Mar 13 2009
Replaceing “marriage” with “domestic partnerships.”
The initiative process in California is abused, overused, and produces bad laws. It was intended to function to legislate when the Legislature wouldn’t legislate on issues. It has become over-used to the point that there are so many initiatives on the ballot that voters are confused. The presence of this abuse leads the Legislature to abandon their responsibilities and place everything on the ballot that they should be doing - water, high spped rail, education funding are just a few issues to use as examples.
Coming on the ballot soon, although it hasn’t finished the signature process, is an initiative to replace marriage with domestic partnerships for all - at least in California. The thought behind the measure is that if homosexual couples cannot marry, then neither should heterosexual couples. Basically, if the homosexuals cannot have the word marriage, then neither should the heterosexual couples.

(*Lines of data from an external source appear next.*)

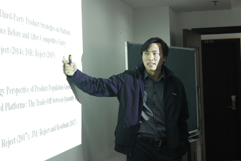 随后分享的是滚球买球的app官网营销与电子商务系副教授宋培建老师,其研究方向是平台战略、数据驱动的电子商务运营管理,目前担任ECRA副编辑, MIS Quarterly等期刊审稿人。宋老师在国际顶尖期刊 MIS Quarterly以及主流期刊 Decision Support Systems Engineering Management on and Management, Journal of International Marketing上发表论文20余篇,论文曾入选美国管理学会最佳论文集并获得信息资源管理国际会议最佳论文,复旦大学优秀博士论文,上海市优秀博士论文。此次,他分享的论文The Ecosystem of Software Platform: A Study of Asymmetric cross-side Network Effects and Platform Governance已在MIS Quarterly发表,论文主要讲述了软件生态系统中双边不对称现象的存在以及对平台管理者的建议。宋老师以该篇论文为引题,分享了他关于数据驱动的研究过程以及如何做更具有实践价值和理论意义的学术研究。
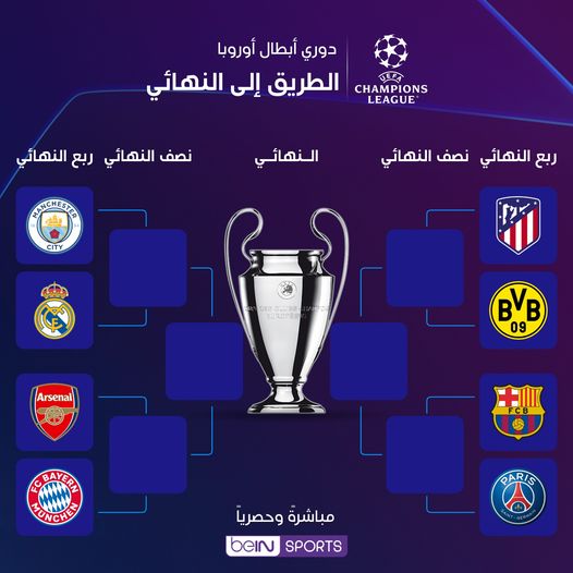 وأقيمت قرعة دوري أبطال أوروبا ظهر اليوم الجمعة في مقر الاتحاد الأوروبي لكرة القدم “يويفا” بمدينة نيون السويسرية وذلك بنظام مفتوح حيث يمكن أن يتقابل أي فريقين من دولة واحدة في ربع النهائي دون قيود على عكس بعض السنوات الماضية. وأجريت القرعة بمشاركة الـ 8 فرق المتاهلبة لدور الثمانية وهم: مانشستر سيتي وآرسنال ( إنجلترا) ريال مدريد وأتلتيكو مدريد وبرشلونة ( إسبانيا) بايرن ميونخ وبوروسيا دورتموند ( المانيا )، باريس سان جيرمان (فرنسا)، كما يشهد الحفل ذاته إجراء قرعة الدور نصف النهائي للبطولة.
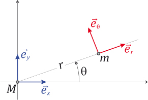 La difficulté du problème posé par Newton réside en partie dans le fait que le vecteur unitaire dirigeant l’axe (Mm) varie au cours du temps. En effet, si M peut être supposé fixe, ce n’est pas le cas de m, qui subit l’influence gravitationnelle du corps lourd : la distance r est une fonction du temps, le vecteur
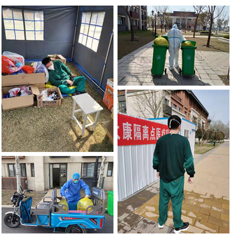 萬事俱備,于3月29號大家開始進入工作狀態:核酸采集、送餐、測體溫、分發中藥、消毒并轉運垃圾等,隊員們奔走的身影,汗水模糊的雙眼,濕透的衣服,臉上深深的勒痕等成為日常,也是前線最真實地寫照。雖然很疲憊,但更多的是責任與擔當,更多的是團隊的相互支撐與協助。日日夜夜,數百條微信記錄著隔離人員的點點滴滴:“醫生,我孩子發熱”,“我嗓子疼,咳嗽的傷害”,“我孩子身上起了皮疹,癢的難受,怎么辦?”“什么時候可以出去”等等。我們這里馬不停蹄地送藥,用微信不斷化解他們出現焦慮煩躁的情緒。我們熱情的態度、專業的藥物配置贏得了他們的信任,現在微信群里滿是“我吃了中藥,咳嗽好多了““孩子不燒了,再給我們發瓶中藥吧”“中醫院的藥很有效,嗓子不疼了,謝謝醫生”等等。看到滿是感謝的話,再苦再累也甘之如貽。
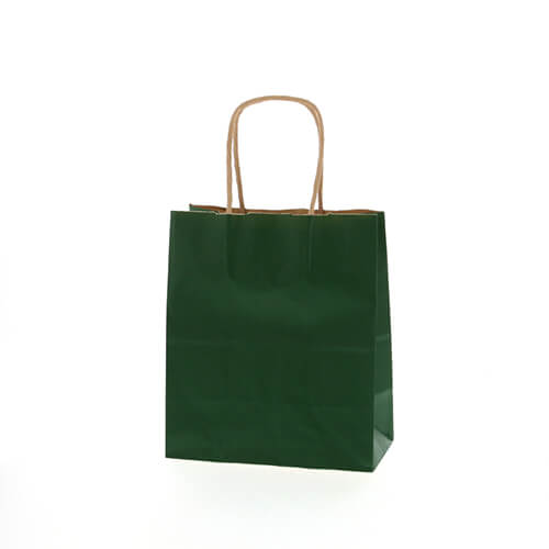 落ち着いた印象のグリーンの手提げ紙袋。コンパクトな人気のサイズです。クラフト紙に緑ベタを印刷しているため、ナチュラルな印象を与えてくれます。

This is ridiculous. Homosexual marriages were never the same as heterosexual marriages. There was never going to be an equality between the two in California, and to say that replacing everything with domestic partnerships will be “equal” is ridiculous. Homosexual couples, even if they were married, would not be counted as married for federal purposes, for the census or for federal taxes. There was never going to be equality on the marriage issue, so to remove the word marriage from law is ridiculous. Additionally, marriage is a recognized state for federal law for heterosexual couples. Removing the term marriage from California law doesn’t equal that out.
There is no equality on this issue, and there likely won’t be for decades to come. It is unclear whether there should be equality on this issue. There are many things still to be decided.
The CA Supreme Court seems to be in favor of letting Prop. 8 stand - meaning that only marriage between a man and a woman will be recognized as marriage in California. The people voted. This is what they came up with.